TASK ITEM: The expected result is a verbatim repetition of the lines from the start of the entries through the line containing "座席はバックネット裏~1・3", with the pictures removed.

Source records:
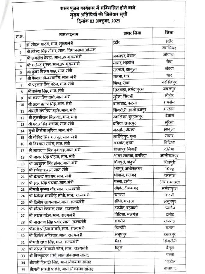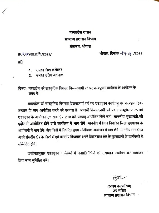दशहरा 2025: मध्य प्रदेश में सभी जिलों में शस्त्र पूजन कार्यक्रम, CM डॉ. मोहन इंदौर में करेंगे पूजा, मंत्री-सांसद-विधायक रहेंगे मौजूद , आदेश जारी
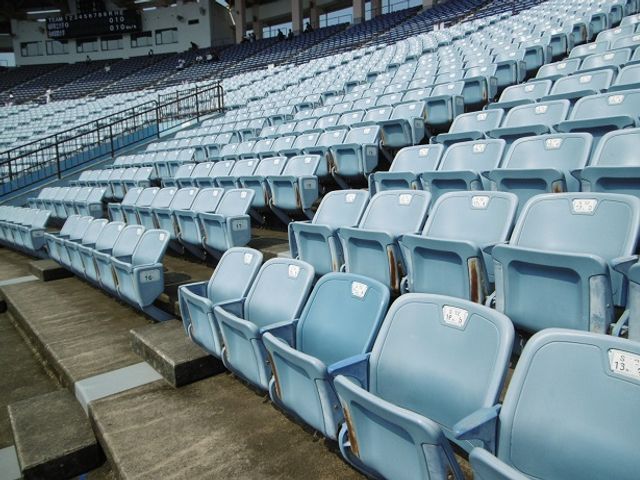座席はバックネット裏~1・3塁側の前半部が背もたれ付きの個別席。座面は跳ね上げ式。
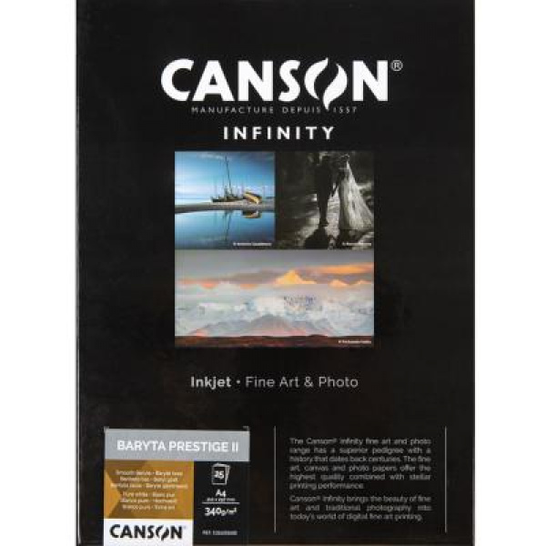 Canson® Infinity Baryta Prestige 340 g/m² est composé d'alpha-cellulose sans acide et d'une base en papier blanc coton, avec une pellicule en sulfate de baryum véritable. Ce papier baryté doux et brillant évoque l'aspect et l'esthétique des papiers argentiques traditionnels.
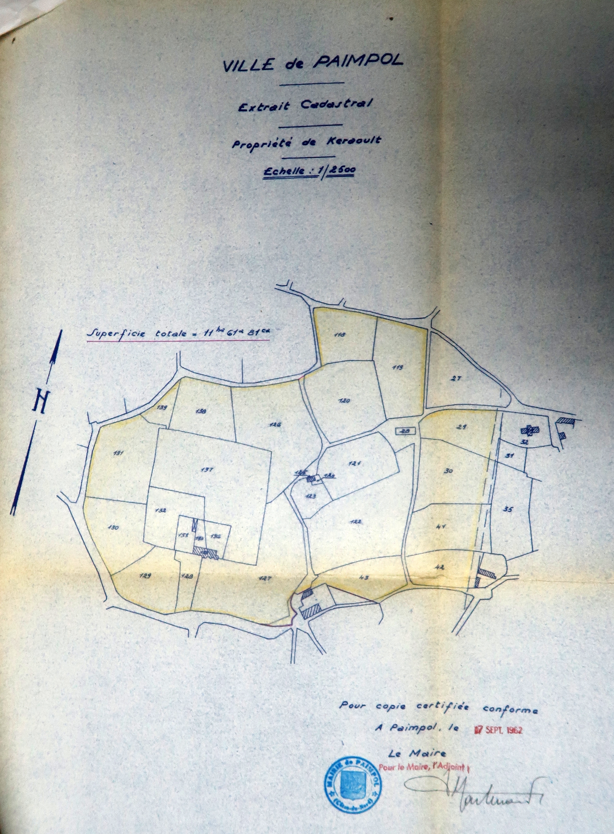 Ville de Paimpol. Extrait cadastral. Propriété de Keraoult. Certifié conforme le 17 septembre 1962.Immatriculation
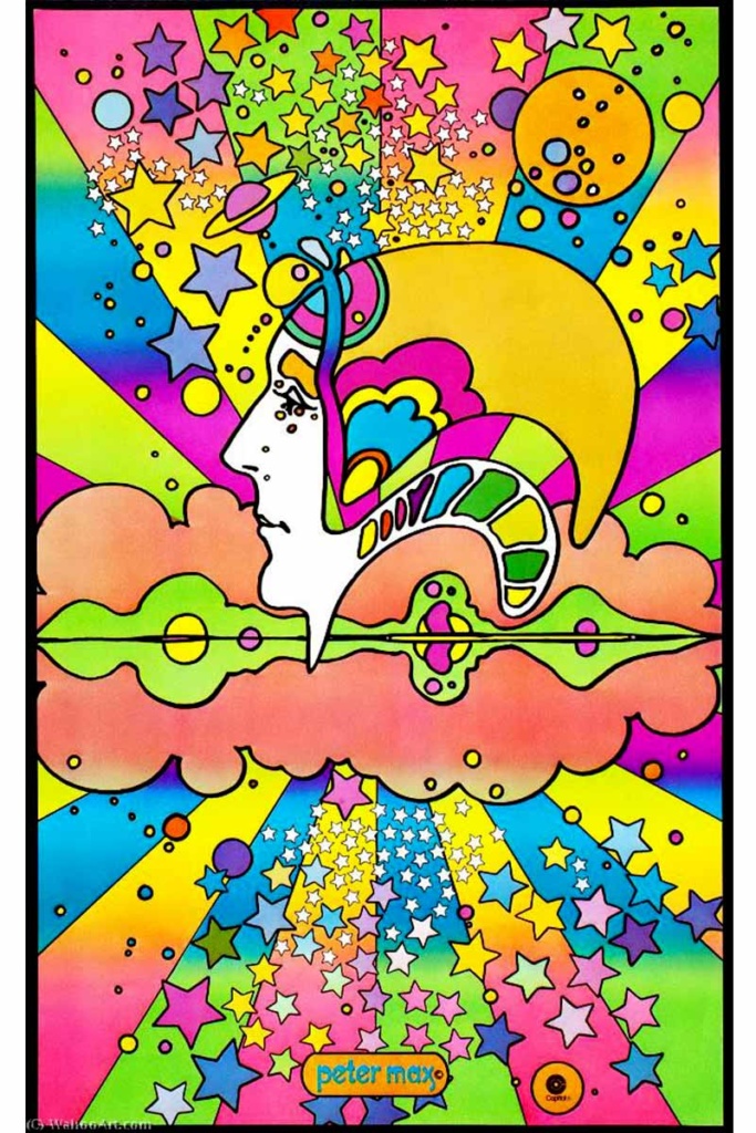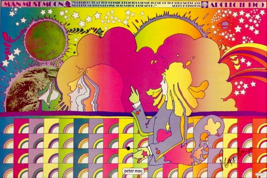 Simile al re della pop art, Peter Max si esprime attraverso una varietà di tecniche, tra cui: pittura, disegno, scultura, collage, incisione, video e immagini digitali. Ampiamente associata alla controcultura e ai movimenti psichedelici degli ultimi anni ’60 e dei primi anni ’70, la carriera di Max rispecchia da vicino quella di Andy Warhol; attraverso il suo focus estetico, il suo stile visivo unico e l’uso di un’ampia gamma di media artistici. Grazie alla sua predilezione per le esplosioni di colore, la maggior parte del suo lavoro contiene gran parte o tutto lo spettro cromatico. La sua attenzione, già dagli esordi, per celebrità, politici, musicisti, atleti e altri soggetti della cultura pop, ancora una volta elemosinando il confronto con Warhol, gli serve come via d’accesso nei campi della progettazione grafica e della pubblicità.

RESPONSE AREA:
दशहरा 2025: मध्य प्रदेश में सभी जिलों में शस्त्र पूजन कार्यक्रम, CM डॉ. मोहन इंदौर में करेंगे पूजा, मंत्री-सांसद-विधायक रहेंगे मौजूद , आदेश जारी
座席はバックネット裏~1・3塁側の前半部が背もたれ付きの個別席。座面は跳ね上げ式。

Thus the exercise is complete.